Access to evidence-based and optimal ACS management in both the acute and long-term periods is of great importance. Management of ACS should include appropriate timely revascularisation, medical therapy and ongoing secondary prevention.
A key consideration in selecting acute antithrombotic therapies is a careful determination of the risk of bleeding versus risk of recurrent ischaemia.
Although there is a strong evidence base for the urgency of delivery and the quality of acute care, knowledge translation is suboptimal. There remains a need for ongoing research and policy development aimed at improving ease and equity of access to evidence-based care.
Despite universal guideline recommendations for ongoing secondary prevention strategies, research indicates suboptimal use of evidence-based medications, poor adherence to lifestyle recommendations, and low levels of participation in traditional cardiac rehabilitation.
Contemporary secondary prevention programs are evolving into flexible, multifaceted interventions to provide maximal clinical benefits to a majority of patients.
Acute coronary syndrome (ACS; myocardial infarction and unstable angina) is the leading cause of mortality in Australia and accounts for more than 300 000 years of life lost due to premature death (aged < 65 years) annually. The cost of repeat ACS events in 2010 exceeded $8 billion.1 About half of the cardiovascular events in Australia occur in people who have had a prior hospital episode for coronary heart disease (CHD).2 Therefore, access to evidence-based and optimal ACS management in both the acute and long-term periods is of great importance.

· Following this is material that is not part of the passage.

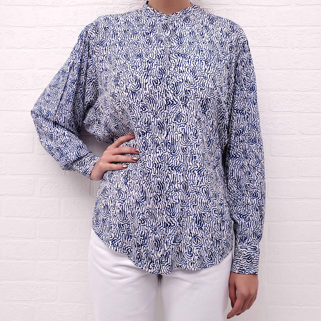 ISABEL MARANT ÉTOILE OVERSIZED WHITE AND BLUE PATTERNED TUNIC - SIZE 34
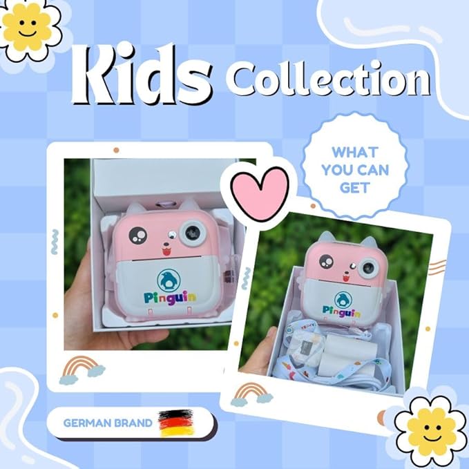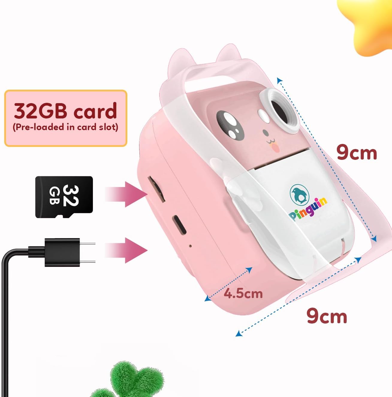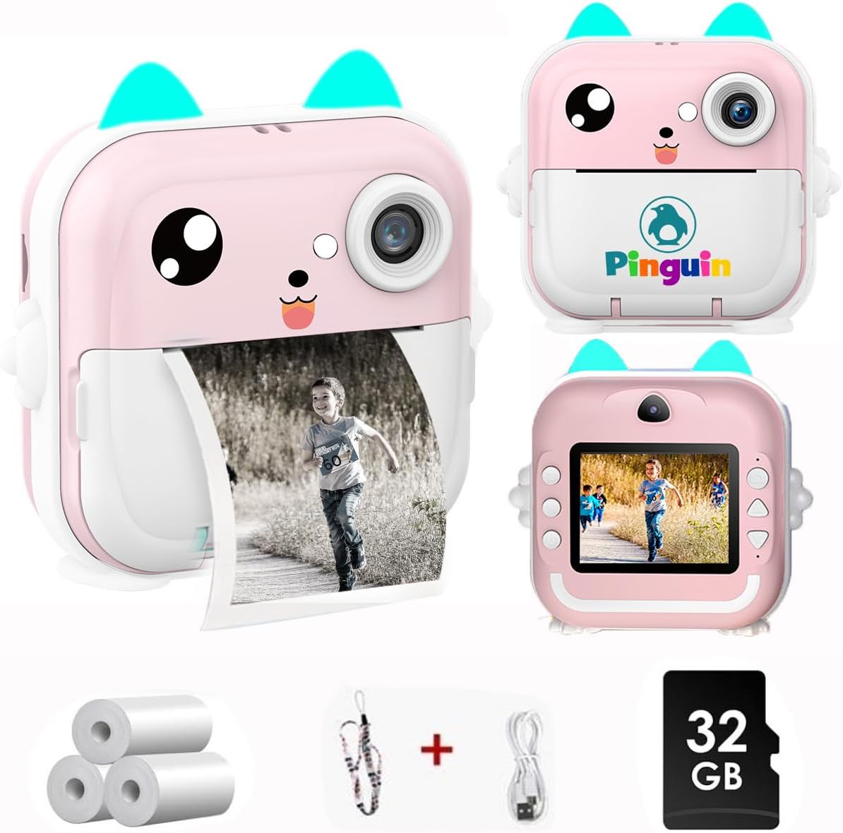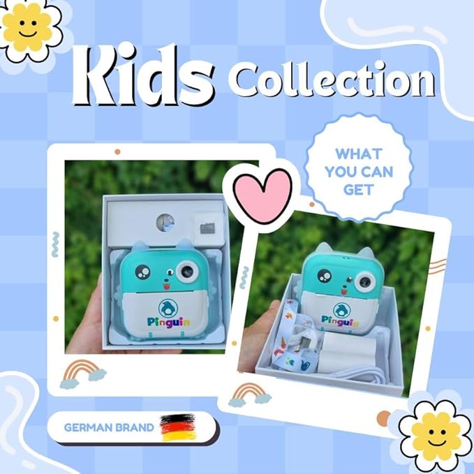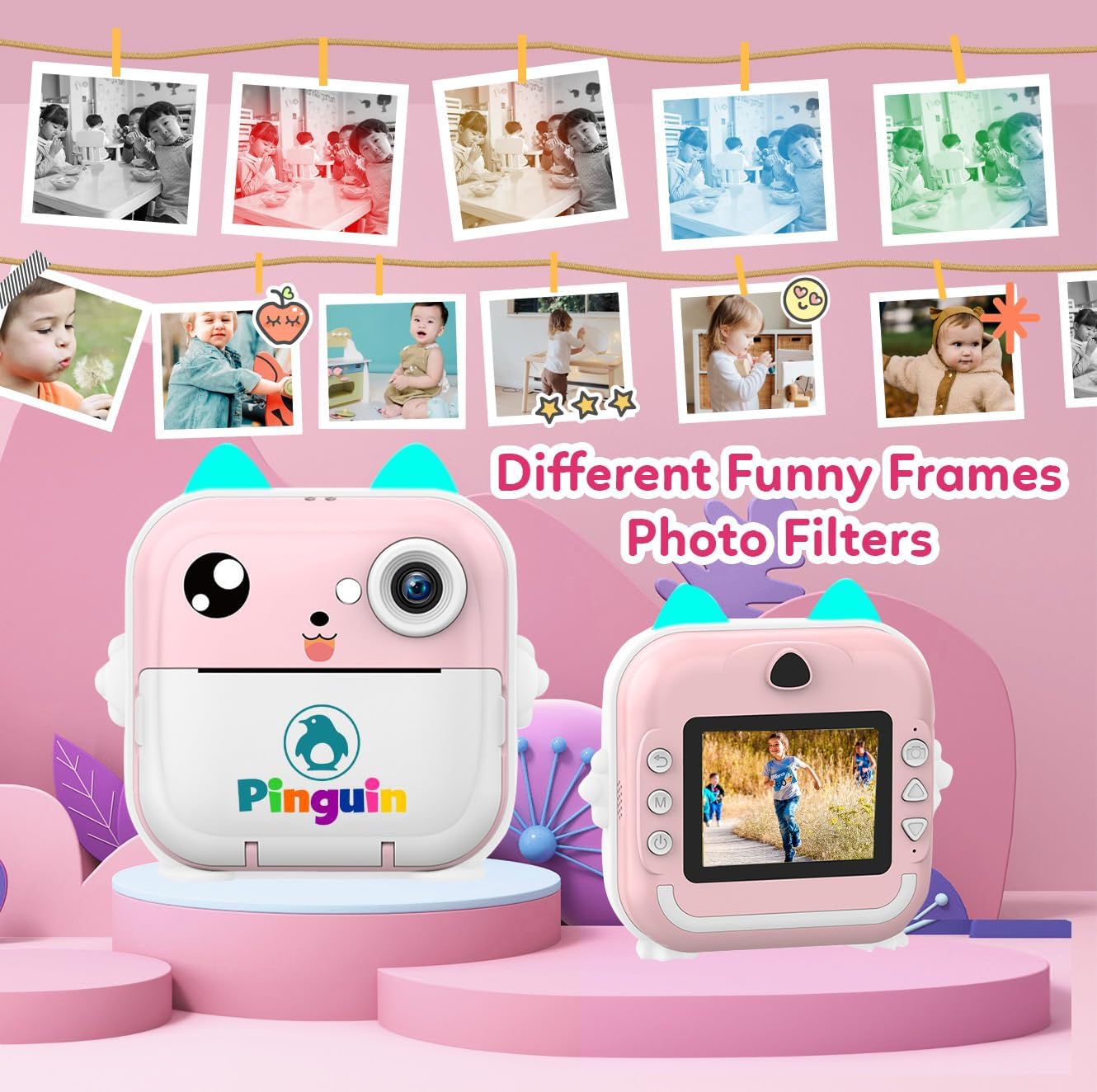 • Детски фотоапарат за моментално печатане: този дигитален детски фотоапарат предлага възможност за незабавно отпечатване на детски снимки. Специално проектиран за деца на възраст от 3 до 12 години, този детски фотоапарат ви позволява лесно да отпечатвате черно-бели снимки в реално време, без мастило. Включени са три ролки хартия за печат (едната ролка е вече инсталирана във фотоапарата), така че децата могат веднага да изпитат радостта от моменталното печатане.

In recent years, advances in monitoring, revascularisation and pharmacotherapy for acute illness have contributed to a reduction in mortality. However, a quarter of these survivors will be readmitted to hospital within a year of the index event, and a significant number of readmissions will result in death.3,4 Consequently, the demand for effective secondary prevention is intensifying, and ensuring access to structured management strategies that complement standard medical care is now a priority.
The burden of CHD is disproportionately greater for certain patient groups. People living in outer regional and remote areas experience disease rates 20% higher than do those living in major cities, with higher mortality proportionate to increasing distance from major centres.5 Cardiovascular disease is also the largest contributor to the 17-year gap in life expectancy between Indigenous and non-Indigenous Australians.
Here, we provide an overview of key contemporary issues in the provision of ACS care, including the importance of early diagnosis of ischaemia; risk stratification; provision of timely, appropriate and evidence-based management; and prevention of recurrent events. We describe barriers to the equitable provision of immediate and long-term optimal care and suggested strategies to overcome them. These strategies focus on the practice and policy changes needed to implement networked systematic care across all geographical and economic strata serviced by our health care system.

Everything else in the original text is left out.